RIO DE JANEIRO – A quarta-feira foi sacudida por uma “notícia” que já repercutiu na mídia internacional: um “Termo de Compromisso” assinado pelos governos municipal, estadual e federal para levar a Fórmula 1 para o Rio de Janeiro.

Para o Rio de Janeiro, vejam bem.

E em 2020.

No mínimo, trata-se de uma irresponsabilidade dos três envolvidos – Marcelo Crivella, Wilson Witzel e Jair Bolsonaro – em difundir tal notícia, levando-se em consideração alguns fatos.

Primeiro: o vínculo da Fórmula 1 com São Paulo AINDA está em vigor. O Autódromo de Interlagos, inclusive, está em obras.
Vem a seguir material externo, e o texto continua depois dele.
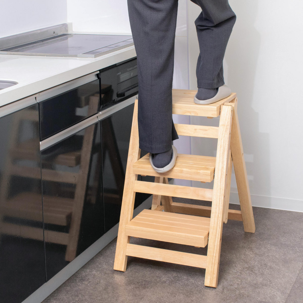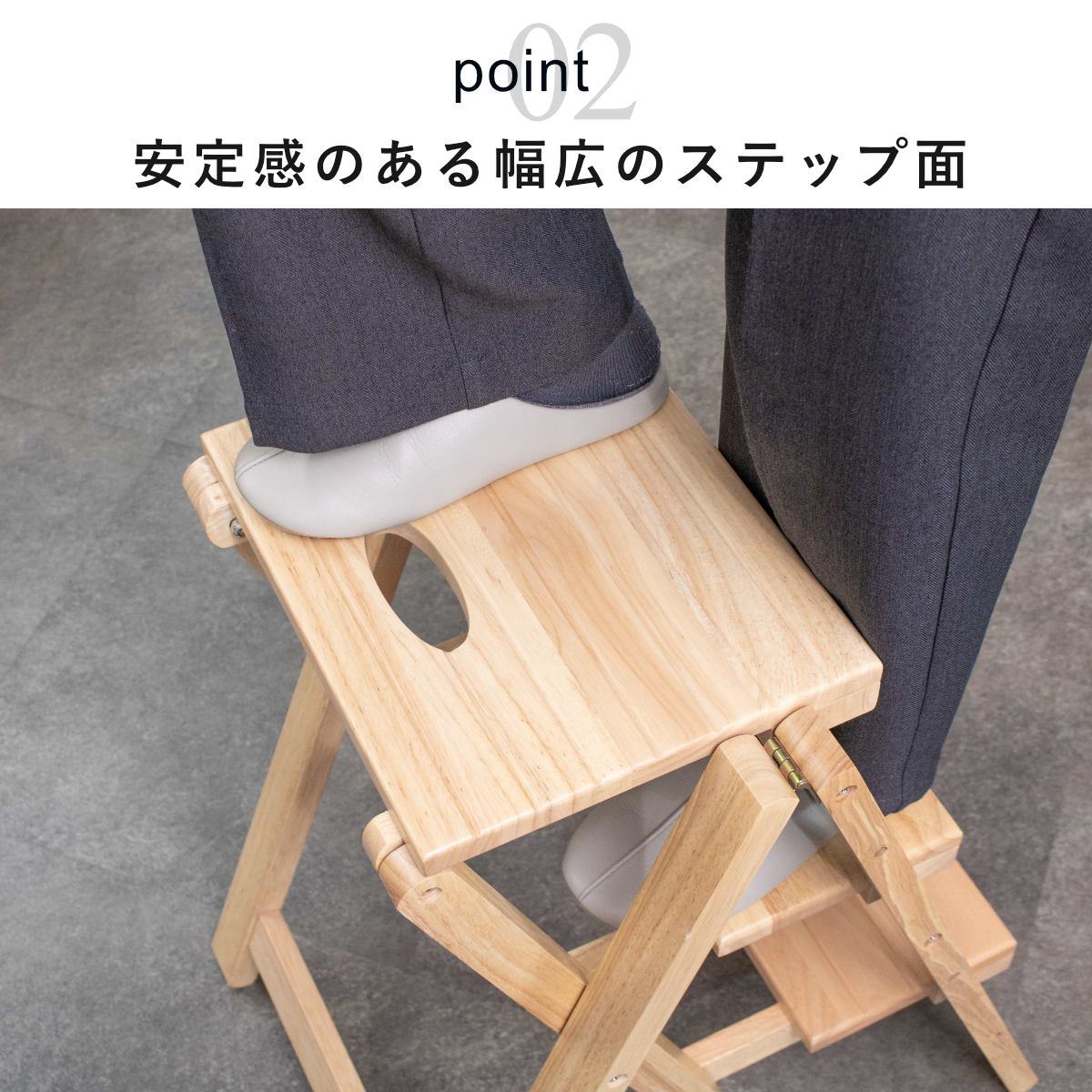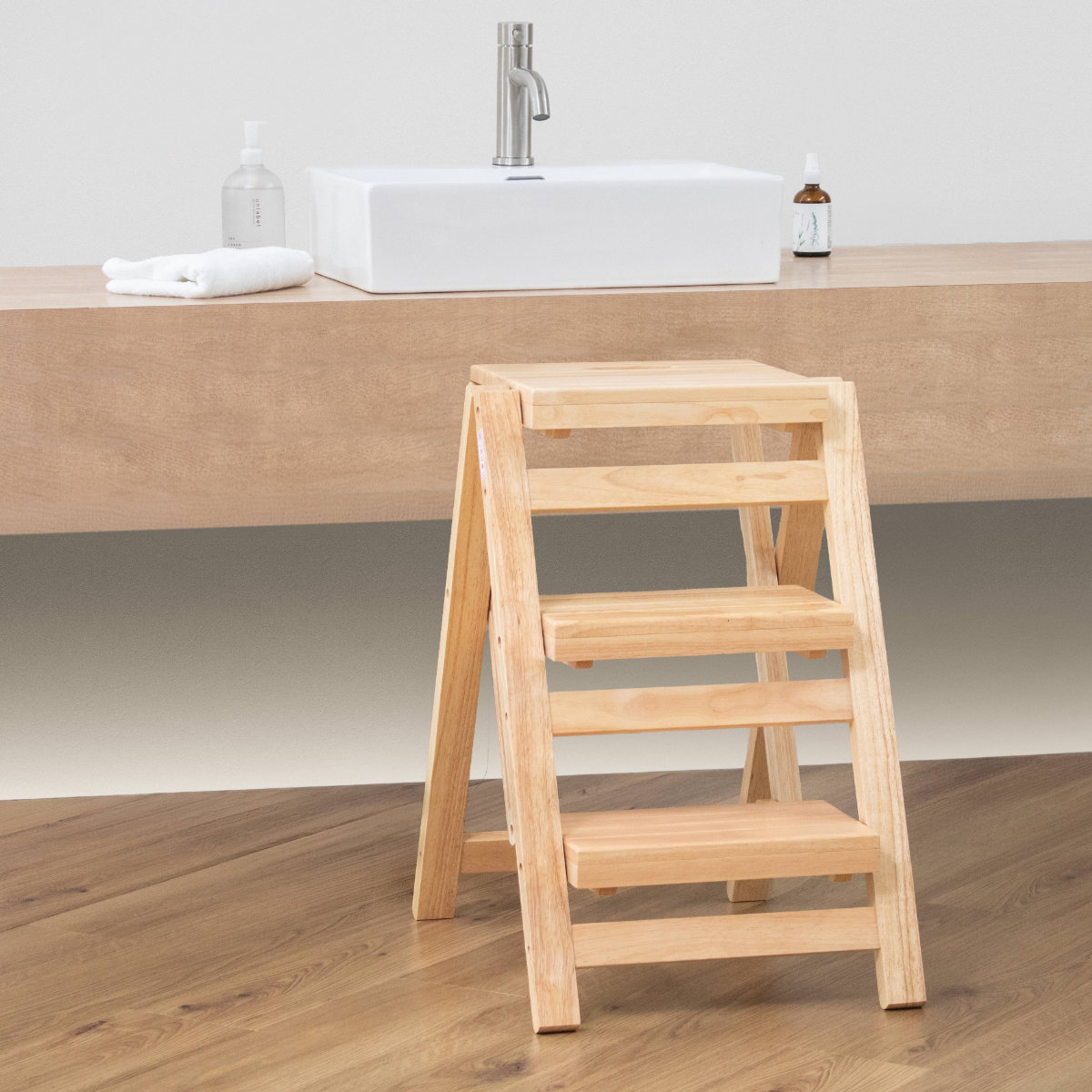 幅広設計のステップ面で、足をしっかり乗せて安定した上り下りが可能です。天板に乗ってもぐらつきにくく、お子さまの洗面所での使用にも安心です。

Os boxes foram derrubados e estão sendo construídas novas garagens para atender um pedido da FIA – que solicitou o pé direito mais alto em meio metro.
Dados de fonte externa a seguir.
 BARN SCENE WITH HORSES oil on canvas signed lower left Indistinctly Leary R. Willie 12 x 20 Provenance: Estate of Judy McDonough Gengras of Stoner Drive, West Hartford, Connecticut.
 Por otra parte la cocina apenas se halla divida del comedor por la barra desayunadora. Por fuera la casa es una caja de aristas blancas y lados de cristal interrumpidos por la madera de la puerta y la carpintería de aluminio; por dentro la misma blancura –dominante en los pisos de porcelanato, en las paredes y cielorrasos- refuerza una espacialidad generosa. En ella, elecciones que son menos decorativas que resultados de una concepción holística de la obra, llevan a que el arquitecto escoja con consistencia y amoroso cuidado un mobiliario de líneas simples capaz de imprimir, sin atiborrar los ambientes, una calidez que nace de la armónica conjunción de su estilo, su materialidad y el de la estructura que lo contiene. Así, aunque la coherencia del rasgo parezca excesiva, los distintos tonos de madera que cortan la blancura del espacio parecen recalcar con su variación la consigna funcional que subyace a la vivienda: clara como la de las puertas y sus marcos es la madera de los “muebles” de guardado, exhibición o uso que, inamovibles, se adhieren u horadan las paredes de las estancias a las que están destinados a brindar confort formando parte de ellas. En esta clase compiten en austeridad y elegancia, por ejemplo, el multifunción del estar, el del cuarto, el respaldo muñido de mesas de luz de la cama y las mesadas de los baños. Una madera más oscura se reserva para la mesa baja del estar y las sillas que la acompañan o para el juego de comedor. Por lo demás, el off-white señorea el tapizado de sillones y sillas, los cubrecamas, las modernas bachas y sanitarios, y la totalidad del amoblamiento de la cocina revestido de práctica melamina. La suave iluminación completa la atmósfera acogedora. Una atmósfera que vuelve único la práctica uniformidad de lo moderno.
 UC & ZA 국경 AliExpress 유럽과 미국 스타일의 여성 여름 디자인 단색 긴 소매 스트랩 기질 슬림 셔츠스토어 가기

Segundo: o contrato que AINDA está em vigor vale não só para este ano como também para o próximo, 2020.

Bater no peito e dizer que ele, Bolsonaro, em sua ignorância completa – tanto que hoje disse que “investir no Brasil é um esporte de risco altíssimo” (não estou inventando, nas redes sociais isso foi publicado pra quem quisesse ler – e o Brasil inclusive acabou de sair do ranking de 25 principais países para se investir no mundo) – é quem está mantendo a Fórmula 1 no país é outra irresponsabilidade. Foi Fernando Haddad, enquanto prefeito, quem renovou o vínculo do Brasil com a categoria, mediante o acordo ainda vigente.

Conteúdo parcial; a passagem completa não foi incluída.